(Extracted records)
* * * * * * * * *

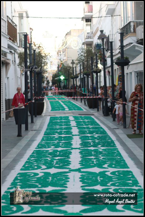 ROTA COFRADE.- El Consejo Local de Hermandades y Cofradías ha informado que, como tributo de amor a Ntra. Sra. del Rosario Coronada, Patrona de la Villa, el próximo lunes 6 de octubre, a partir de las 16:00 horas, los grupos jóvenes de las Hermandades de Rota realizarán el montaje de una alfombra de sal para el paso de la procesión por la calle Alcalde García Sánchez.
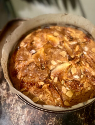アーモンドプードルを沢山練り込んだギリシャヨーグルトと発酵バターを合わせたシンプルながらもリッチな味わいのケーキにフレッシュないちじくを入れて焼き上げました。
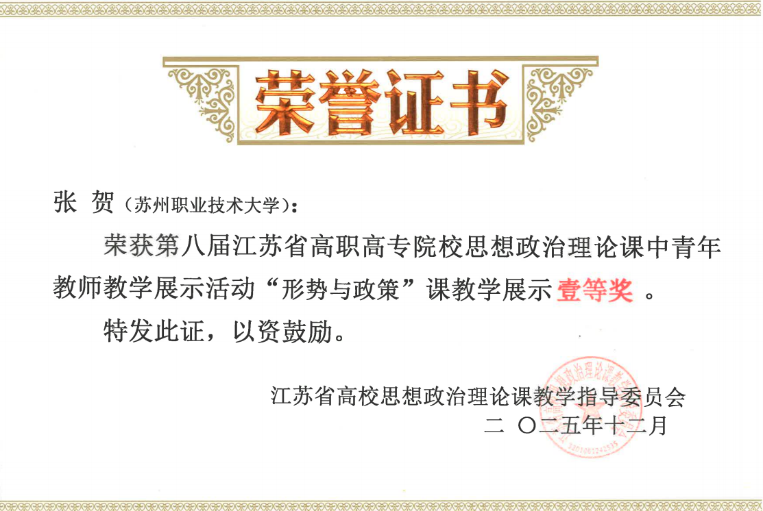 我校教师荣获江苏省高职高专思想政治理论课青年教师教学展示活动“形势与政策”课一等奖
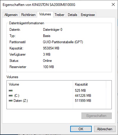 Im Gerätemanager ist auch kein großer Speicherbereich zu sehen.
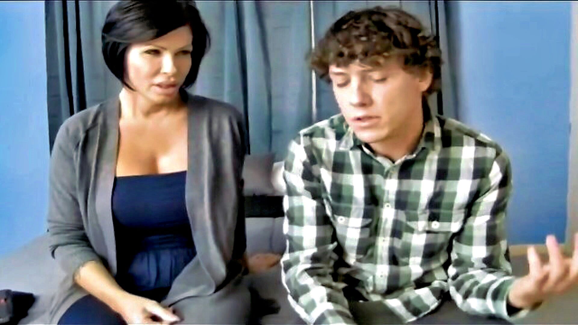 stepmom with large breasts indulges in sexual relations with her nerdy stepson while performing oral sex featuring mature and milf content as well as elements of hardcore and old and young themes
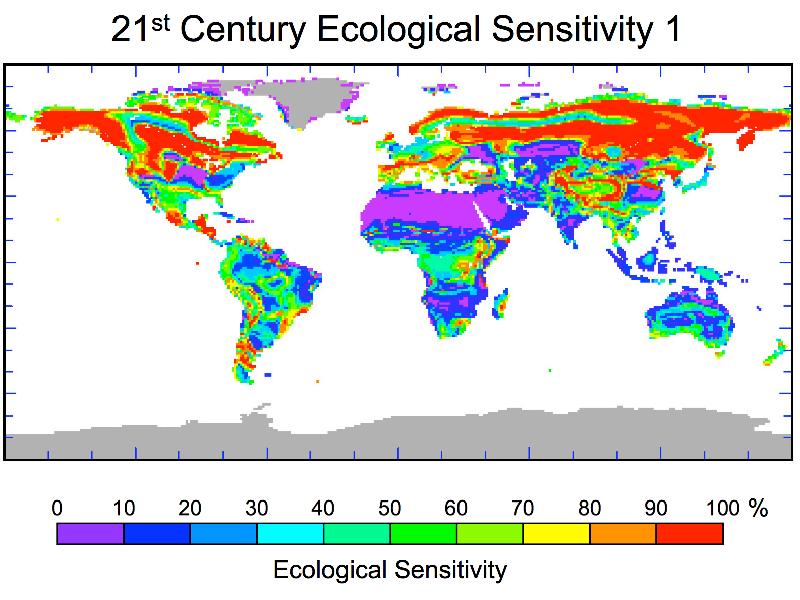 The model projections paint a portrait of increasing ecological change and stress in Earth's biosphere, with many plant and animal species facing increasing competition for survival, as well as significant species turnover, as some species invade areas occupied by other species. Most of Earth's land that is not covered by ice or desert is projected to undergo at least a 30 percent change in plant cover - changes that will require humans and animals to adapt and often relocate.
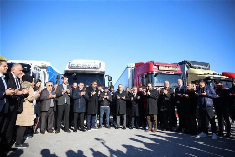 ANTALYA (İGFA) - Yardım TIR’ları yola çıkmadan önce Alanya Belediye Binası arkasında dua töreni gerçekleştirildi. Dua törenine, Alanya’da bulunan Dışişleri Bakanı Mevlüt Çavuşoğlu, Antalya Valisi Ersin Yazıcı, Alanya Kaymakamı Fatih Ürkmezer, Alanya Belediye Başkanı Adem Murat Yücel, AK Parti İlçe Başkanı Mustafa Toklu, MHP Alanya İlçe Başkanı Mustafa Sünbül, meclis üyeleri, kamu kurum müdürleri ve belediye başkan yardımcıları katıldı. Alanya Müftüsü İhsan İlhan’ın yaptığı duadan sonra yardım tırları yola çıktı.

* * * * * * * * *

YOUR GOAL — Above are the records; restate exactly the lines from the one containing "アーモンドプードルを沢山練り" through the one containing "Im Gerätemanager ist", keeping pictures out.

RESPONSE FOR THIS EXERCISE —
アーモンドプードルを沢山練り込んだギリシャヨーグルトと発酵バターを合わせたシンプルながらもリッチな味わいのケーキにフレッシュないちじくを入れて焼き上げました。
 我校教师荣获江苏省高职高专思想政治理论课青年教师教学展示活动“形势与政策”课一等奖
 Im Gerätemanager ist auch kein großer Speicherbereich zu sehen.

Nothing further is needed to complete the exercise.